Greta Thunberg Holds Accountability and Hope
Greta Tintin Eleonora Ernman Thunberg, age 16 and self-described as being on the autism spectrum, has directed her intense powers of focus on, and her clear, forceful speech to, climate change. In her recent speech in Charlotte, North Carolina, she said:
For well over a year young people have been striking from school every Friday, demanding our leaders take responsibility and unite behind the science.
The people in power have not yet done that. They continue to ignore us and the current, best-available science.
So we have no choice but to go on as long as it takes. It is we young people who are the future, but there is not time for us to grow up and become the ones in charge, because we need to tackle the climate right now.
We want to be able to say we did everything we could to push the world in the right direction. We have something just as powerful, our voices, and we need to use them.
This is our future and we will not let it be taken away from us.
A video of her speech is available here.
In September, speaking in New York at the United Nations Climate Action Summit, she said:
My message is that we’ll be watching you.
This is all wrong. I shouldn’t be up here. I should be back in school on the other side of the ocean. Yet you all come to us young people for hope. How dare you!
You have stolen my dreams and my childhood with your empty words. And yet I’m one of the lucky ones. People are suffering. People are dying. Entire ecosystems are collapsing. We are in the beginning of a mass extinction, and all you can talk about is money and fairy tales of eternal economic growth. How dare you!
For more than 30 years, the science has been crystal clear. How dare you continue to look away and come here saying that you’re doing enough, when the politics and solutions needed are still nowhere in sight.
You say you hear us and that you understand the urgency. But no matter how sad and angry I am, I do not want to believe that. Because if you really understood the situation and still kept on failing to act, then you would be evil. And that I refuse to believe.

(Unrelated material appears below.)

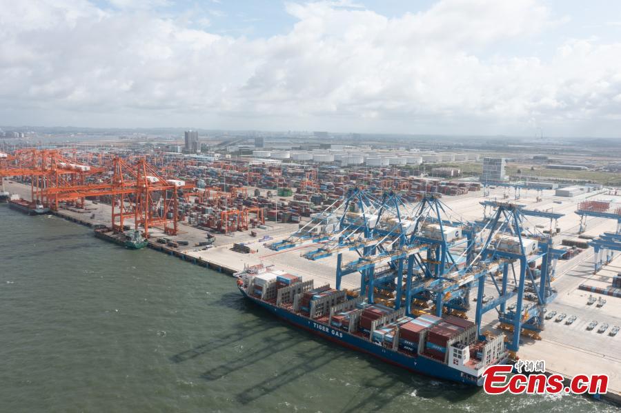Photo shows a container vessel from Indonesia docked at the Guangxi Beibu Gulf Qinzhou Port, marking the successful berthing at China's first sea-rail automated container terminal, south China's Guangxi Zhuang Autonomous Region, June 27, 2022. (Photo: China News Service/Wang Weichen)

The popular idea of cutting our emissions in half in 10 years only gives us a 50% chance of staying below 1.5 degrees [Celsius], and the risk of setting off irreversible chain reactions beyond human control.
Fifty percent may be acceptable to you. But those numbers do not include tipping points, most feedback loops, additional warming hidden by toxic air pollution or the aspects of equity and climate justice. They also rely on my generation sucking hundreds of billions of tons of your CO2 out of the air with technologies that barely exist.
So a 50% risk is simply not acceptable to us — we who have to live with the consequences.
To have a 67% chance of staying below a 1.5 degrees global temperature rise – the best odds given by the [Intergovernmental Panel on Climate Change] – the world had 420 gigatons of CO2 left to emit back on Jan. 1st, 2018. Today that figure is already down to less than 350 gigatons.
How dare you pretend that this can be solved with just ‘business as usual’ and some technical solutions! With today’s emissions levels, that remaining CO2 budget will be entirely gone within less than 8 1/2 years.
There will not be any solutions or plans presented in line with these figures here today, because these numbers are too uncomfortable. And you are still not mature enough to tell it like it is.
You are failing us. But the young people are starting to understand your betrayal. The eyes of all future generations are upon you. And if you choose to fail us, I say: We will never forgive you.
We will not let you get away with this. Right here, right now is where we draw the line. The world is waking up. And change is coming, whether you like it or not.
(NPR.org)
A video of her speech is available here.
Her words in January 2019 to the World Economic Forum in Davos, Switzerland, have been immortalized in this widely shared image with her words:
For an edited copy of her full speech see The Guardian.
Thunberg takes it upon herself and her generation to bring about change, while demanding of older people, especially those in power, that they act. She articulates what other young people must have felt but had not said: “We are watching you. You are failing us. We will not let you get away with this.” Speaking for the older people, I say this is accountability we knew we had but had not allowed ourselves to accept.
We older people say and hear people say, thank God for the young people, maybe people will listen to them. They give me hope. And we hear Thunberg’s words, “We don’t want you to be hopeful. . . . I want you to act as if your house is on fire. Because it is.”
And I am heartened by her words, and I am challenged anew to do the Great Work.